━━━━━ RECORDS TO USE ━━━━━

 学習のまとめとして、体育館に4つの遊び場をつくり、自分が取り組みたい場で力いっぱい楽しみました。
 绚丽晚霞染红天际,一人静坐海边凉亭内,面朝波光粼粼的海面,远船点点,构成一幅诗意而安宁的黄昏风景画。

━━━━━
━━━━━ RECORDS TO USE ━━━━━

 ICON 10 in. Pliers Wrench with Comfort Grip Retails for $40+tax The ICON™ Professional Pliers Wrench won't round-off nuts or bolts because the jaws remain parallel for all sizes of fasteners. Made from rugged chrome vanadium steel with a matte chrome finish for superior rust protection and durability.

━━━━━

**WHAT YOU WILL DO:** Retype the records above, but only those lines that fall between the line containing "学習のまとめとして、体育館に" and the line containing "绚丽晚霞染红天际,一人静坐海", with both of those lines included, exactly as written.

**REPLY TO THE TASK:**
 学習のまとめとして、体育館に4つの遊び場をつくり、自分が取り組みたい場で力いっぱい楽しみました。
 绚丽晚霞染红天际,一人静坐海边凉亭内,面朝波光粼粼的海面,远船点点,构成一幅诗意而安宁的黄昏风景画。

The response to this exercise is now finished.